- Information provided

========

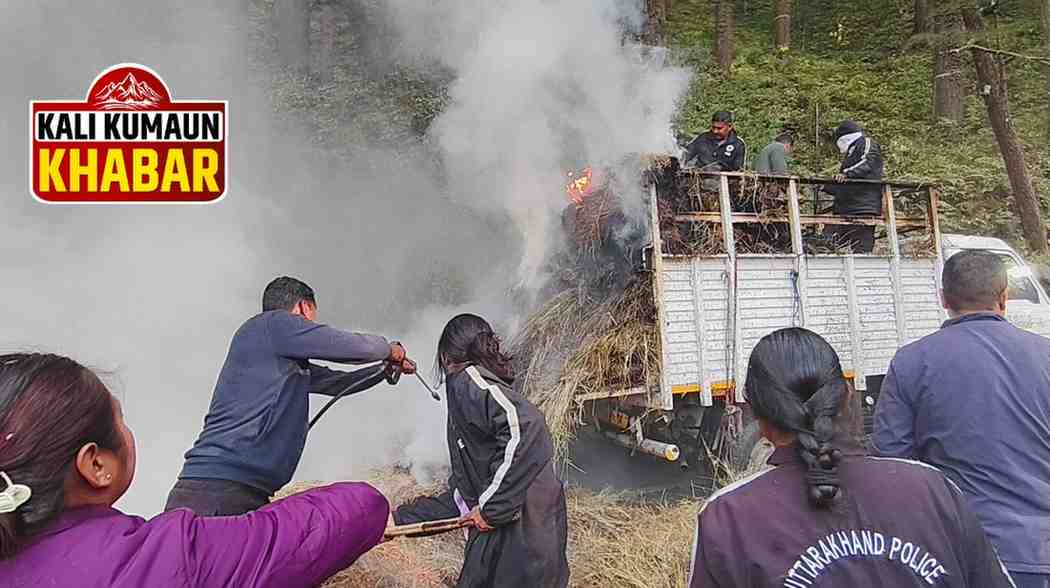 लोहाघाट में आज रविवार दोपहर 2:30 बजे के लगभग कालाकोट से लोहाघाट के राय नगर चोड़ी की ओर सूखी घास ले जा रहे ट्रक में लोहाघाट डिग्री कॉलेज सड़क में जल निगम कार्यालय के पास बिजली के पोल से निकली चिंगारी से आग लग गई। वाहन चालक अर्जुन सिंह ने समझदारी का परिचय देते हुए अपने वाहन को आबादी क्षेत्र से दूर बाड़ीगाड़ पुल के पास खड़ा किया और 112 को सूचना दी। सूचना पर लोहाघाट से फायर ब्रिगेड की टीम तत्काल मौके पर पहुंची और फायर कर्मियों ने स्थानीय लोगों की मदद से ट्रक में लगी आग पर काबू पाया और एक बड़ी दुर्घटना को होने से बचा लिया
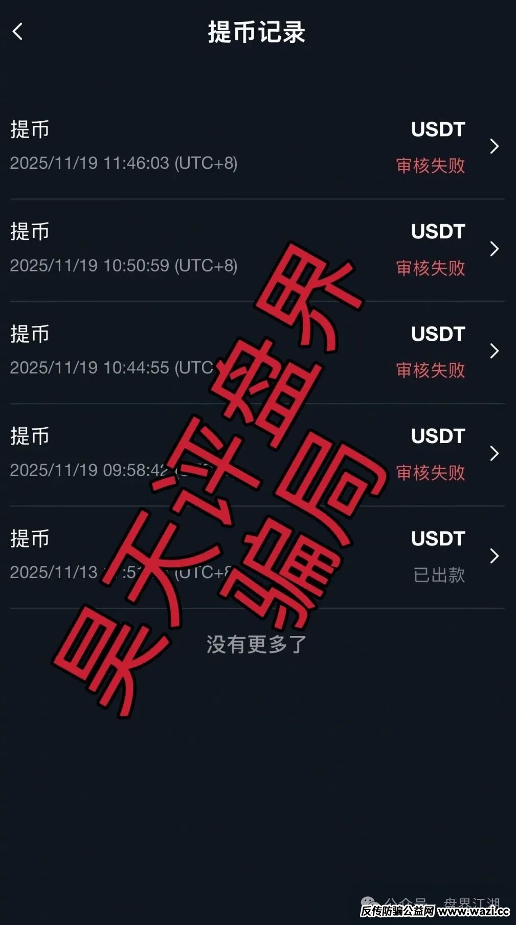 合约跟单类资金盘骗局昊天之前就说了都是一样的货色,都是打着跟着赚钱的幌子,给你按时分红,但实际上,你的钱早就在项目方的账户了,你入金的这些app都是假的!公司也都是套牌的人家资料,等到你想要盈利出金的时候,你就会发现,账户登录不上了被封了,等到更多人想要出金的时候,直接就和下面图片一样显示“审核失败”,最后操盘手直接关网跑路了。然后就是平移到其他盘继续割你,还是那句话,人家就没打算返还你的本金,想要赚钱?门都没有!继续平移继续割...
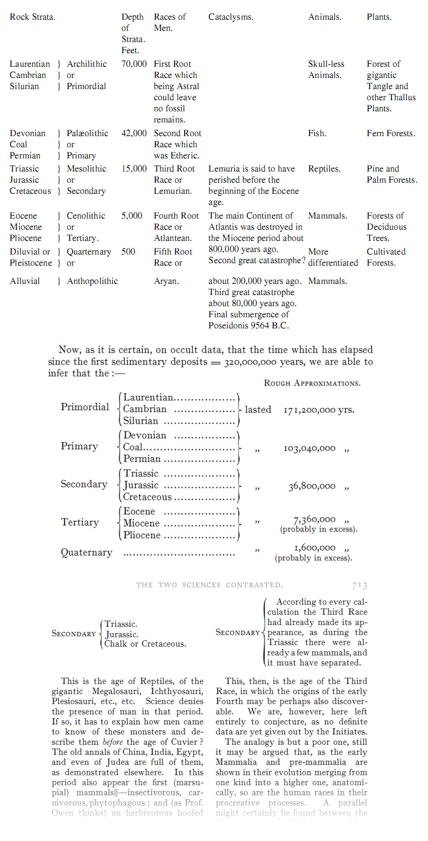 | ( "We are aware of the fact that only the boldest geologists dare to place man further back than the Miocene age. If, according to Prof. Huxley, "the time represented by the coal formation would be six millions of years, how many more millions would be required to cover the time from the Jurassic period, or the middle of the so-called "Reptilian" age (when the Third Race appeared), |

========

What the answer must hold: all the data above, given again exactly, without pictures.

 लोहाघाट में आज रविवार दोपहर 2:30 बजे के लगभग कालाकोट से लोहाघाट के राय नगर चोड़ी की ओर सूखी घास ले जा रहे ट्रक में लोहाघाट डिग्री कॉलेज सड़क में जल निगम कार्यालय के पास बिजली के पोल से निकली चिंगारी से आग लग गई। वाहन चालक अर्जुन सिंह ने समझदारी का परिचय देते हुए अपने वाहन को आबादी क्षेत्र से दूर बाड़ीगाड़ पुल के पास खड़ा किया और 112 को सूचना दी। सूचना पर लोहाघाट से फायर ब्रिगेड की टीम तत्काल मौके पर पहुंची और फायर कर्मियों ने स्थानीय लोगों की मदद से ट्रक में लगी आग पर काबू पाया और एक बड़ी दुर्घटना को होने से बचा लिया
 合约跟单类资金盘骗局昊天之前就说了都是一样的货色,都是打着跟着赚钱的幌子,给你按时分红,但实际上,你的钱早就在项目方的账户了,你入金的这些app都是假的!公司也都是套牌的人家资料,等到你想要盈利出金的时候,你就会发现,账户登录不上了被封了,等到更多人想要出金的时候,直接就和下面图片一样显示“审核失败”,最后操盘手直接关网跑路了。然后就是平移到其他盘继续割你,还是那句话,人家就没打算返还你的本金,想要赚钱?门都没有!继续平移继续割...
 | ( "We are aware of the fact that only the boldest geologists dare to place man further back than the Miocene age. If, according to Prof. Huxley, "the time represented by the coal formation would be six millions of years, how many more millions would be required to cover the time from the Jurassic period, or the middle of the so-called "Reptilian" age (when the Third Race appeared), |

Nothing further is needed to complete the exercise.